**Problem to solve**
Reproduce the entries in full and exactly. Pictures stay out.

>>>

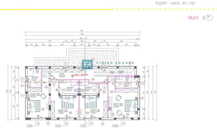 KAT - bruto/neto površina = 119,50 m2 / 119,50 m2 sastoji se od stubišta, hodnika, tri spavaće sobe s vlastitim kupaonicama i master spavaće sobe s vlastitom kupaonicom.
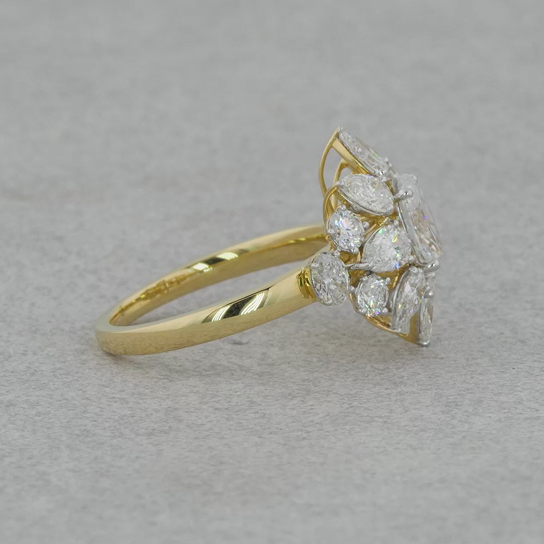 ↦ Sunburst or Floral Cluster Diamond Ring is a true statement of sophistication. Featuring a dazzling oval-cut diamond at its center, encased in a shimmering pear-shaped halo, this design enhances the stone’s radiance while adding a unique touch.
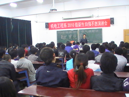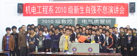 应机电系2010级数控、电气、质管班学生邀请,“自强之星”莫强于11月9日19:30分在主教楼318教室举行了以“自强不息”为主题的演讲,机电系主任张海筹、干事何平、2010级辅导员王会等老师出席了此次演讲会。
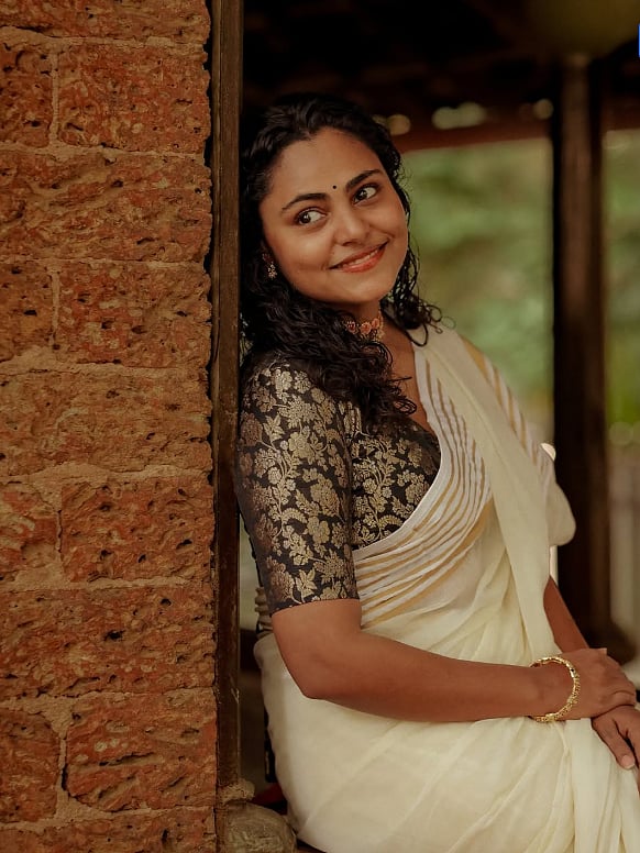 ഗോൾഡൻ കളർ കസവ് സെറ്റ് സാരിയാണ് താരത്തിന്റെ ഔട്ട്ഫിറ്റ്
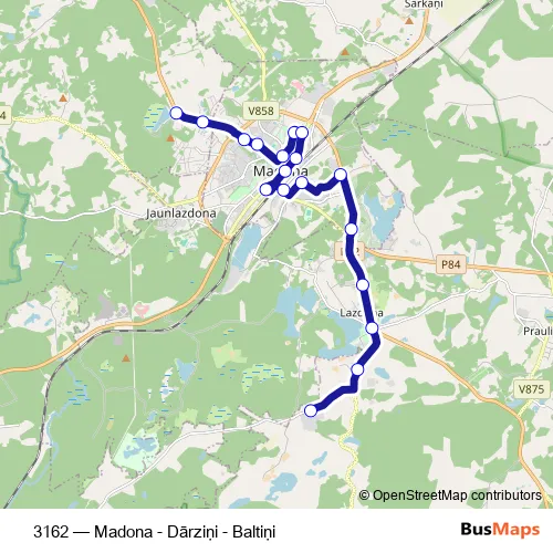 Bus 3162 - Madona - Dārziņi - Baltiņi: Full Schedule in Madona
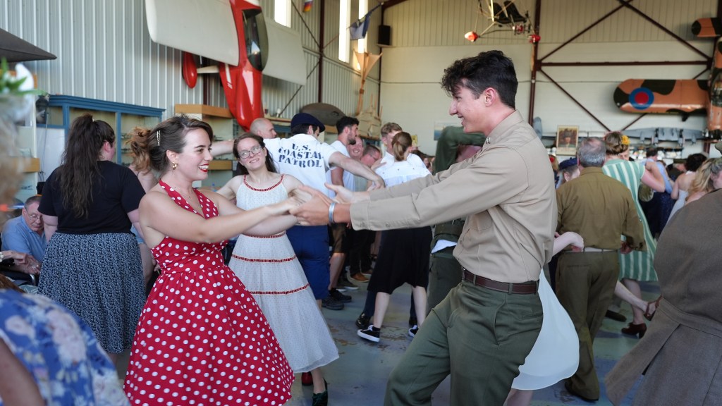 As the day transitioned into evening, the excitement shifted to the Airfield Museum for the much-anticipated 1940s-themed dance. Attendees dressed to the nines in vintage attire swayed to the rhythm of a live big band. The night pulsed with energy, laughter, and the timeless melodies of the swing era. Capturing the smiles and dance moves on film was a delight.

<<<

**Answer section**
 KAT - bruto/neto površina = 119,50 m2 / 119,50 m2 sastoji se od stubišta, hodnika, tri spavaće sobe s vlastitim kupaonicama i master spavaće sobe s vlastitom kupaonicom.
 ↦ Sunburst or Floral Cluster Diamond Ring is a true statement of sophistication. Featuring a dazzling oval-cut diamond at its center, encased in a shimmering pear-shaped halo, this design enhances the stone’s radiance while adding a unique touch.
 应机电系2010级数控、电气、质管班学生邀请,“自强之星”莫强于11月9日19:30分在主教楼318教室举行了以“自强不息”为主题的演讲,机电系主任张海筹、干事何平、2010级辅导员王会等老师出席了此次演讲会。
 ഗോൾഡൻ കളർ കസവ് സെറ്റ് സാരിയാണ് താരത്തിന്റെ ഔട്ട്ഫിറ്റ്
 Bus 3162 - Madona - Dārziņi - Baltiņi: Full Schedule in Madona
 As the day transitioned into evening, the excitement shifted to the Airfield Museum for the much-anticipated 1940s-themed dance. Attendees dressed to the nines in vintage attire swayed to the rhythm of a live big band. The night pulsed with energy, laughter, and the timeless melodies of the swing era. Capturing the smiles and dance moves on film was a delight.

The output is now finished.